#### Input ####

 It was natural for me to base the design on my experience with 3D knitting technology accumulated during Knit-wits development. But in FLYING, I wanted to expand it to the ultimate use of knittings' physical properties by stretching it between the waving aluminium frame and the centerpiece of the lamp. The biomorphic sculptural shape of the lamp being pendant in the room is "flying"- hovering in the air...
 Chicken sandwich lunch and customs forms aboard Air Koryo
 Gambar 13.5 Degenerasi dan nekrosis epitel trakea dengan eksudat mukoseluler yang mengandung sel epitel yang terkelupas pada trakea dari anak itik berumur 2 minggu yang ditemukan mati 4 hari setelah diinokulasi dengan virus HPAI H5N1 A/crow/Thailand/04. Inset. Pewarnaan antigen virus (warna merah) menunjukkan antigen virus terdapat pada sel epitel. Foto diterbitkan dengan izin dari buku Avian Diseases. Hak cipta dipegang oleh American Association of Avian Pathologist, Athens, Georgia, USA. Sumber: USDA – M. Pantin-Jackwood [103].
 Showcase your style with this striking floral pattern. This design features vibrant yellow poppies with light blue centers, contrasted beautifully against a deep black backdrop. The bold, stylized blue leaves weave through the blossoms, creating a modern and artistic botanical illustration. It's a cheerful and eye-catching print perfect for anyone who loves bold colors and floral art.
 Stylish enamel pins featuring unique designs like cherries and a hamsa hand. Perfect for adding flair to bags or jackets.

####
#### Input ####

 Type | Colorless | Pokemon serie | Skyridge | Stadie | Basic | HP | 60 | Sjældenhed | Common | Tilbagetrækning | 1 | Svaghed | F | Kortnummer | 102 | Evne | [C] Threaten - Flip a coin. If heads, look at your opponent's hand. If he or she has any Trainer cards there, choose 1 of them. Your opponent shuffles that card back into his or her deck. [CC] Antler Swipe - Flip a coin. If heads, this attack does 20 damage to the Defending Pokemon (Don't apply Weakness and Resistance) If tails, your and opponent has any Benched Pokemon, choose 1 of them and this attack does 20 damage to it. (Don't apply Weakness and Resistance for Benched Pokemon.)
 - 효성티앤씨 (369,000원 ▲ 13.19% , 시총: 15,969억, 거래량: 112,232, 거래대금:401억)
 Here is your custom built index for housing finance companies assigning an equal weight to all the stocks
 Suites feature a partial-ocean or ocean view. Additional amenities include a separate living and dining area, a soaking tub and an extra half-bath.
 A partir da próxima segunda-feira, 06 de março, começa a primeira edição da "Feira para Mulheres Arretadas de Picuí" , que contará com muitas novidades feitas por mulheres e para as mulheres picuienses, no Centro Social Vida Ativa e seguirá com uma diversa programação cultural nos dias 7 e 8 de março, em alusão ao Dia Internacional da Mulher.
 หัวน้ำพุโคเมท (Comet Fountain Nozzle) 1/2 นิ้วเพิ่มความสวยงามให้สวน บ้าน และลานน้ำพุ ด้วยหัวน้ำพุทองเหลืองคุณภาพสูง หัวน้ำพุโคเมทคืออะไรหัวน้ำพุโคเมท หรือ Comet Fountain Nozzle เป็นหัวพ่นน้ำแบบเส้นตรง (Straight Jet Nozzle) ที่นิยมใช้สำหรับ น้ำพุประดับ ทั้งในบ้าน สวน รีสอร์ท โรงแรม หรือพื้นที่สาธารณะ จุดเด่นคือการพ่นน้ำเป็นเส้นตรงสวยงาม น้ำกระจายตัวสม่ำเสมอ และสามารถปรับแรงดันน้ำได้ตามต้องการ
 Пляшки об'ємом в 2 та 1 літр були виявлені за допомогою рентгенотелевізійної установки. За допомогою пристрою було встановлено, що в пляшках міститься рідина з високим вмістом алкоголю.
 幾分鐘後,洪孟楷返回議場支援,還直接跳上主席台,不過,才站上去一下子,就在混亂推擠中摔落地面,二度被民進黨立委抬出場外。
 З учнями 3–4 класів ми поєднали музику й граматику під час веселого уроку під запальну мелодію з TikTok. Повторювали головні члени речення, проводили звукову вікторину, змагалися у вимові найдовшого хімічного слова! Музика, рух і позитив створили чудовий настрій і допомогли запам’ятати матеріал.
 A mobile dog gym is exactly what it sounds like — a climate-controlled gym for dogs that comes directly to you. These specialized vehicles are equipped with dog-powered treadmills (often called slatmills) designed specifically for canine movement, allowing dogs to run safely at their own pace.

####

[Task brief]
Where does the string "with" appear in the records above? Return every line that holds it.

[Solution]
 It was natural for me to base the design on my experience with 3D knitting technology accumulated during Knit-wits development. But in FLYING, I wanted to expand it to the ultimate use of knittings' physical properties by stretching it between the waving aluminium frame and the centerpiece of the lamp. The biomorphic sculptural shape of the lamp being pendant in the room is "flying"- hovering in the air...
 Showcase your style with this striking floral pattern. This design features vibrant yellow poppies with light blue centers, contrasted beautifully against a deep black backdrop. The bold, stylized blue leaves weave through the blossoms, creating a modern and artistic botanical illustration. It's a cheerful and eye-catching print perfect for anyone who loves bold colors and floral art.
 A mobile dog gym is exactly what it sounds like — a climate-controlled gym for dogs that comes directly to you. These specialized vehicles are equipped with dog-powered treadmills (often called slatmills) designed specifically for canine movement, allowing dogs to run safely at their own pace.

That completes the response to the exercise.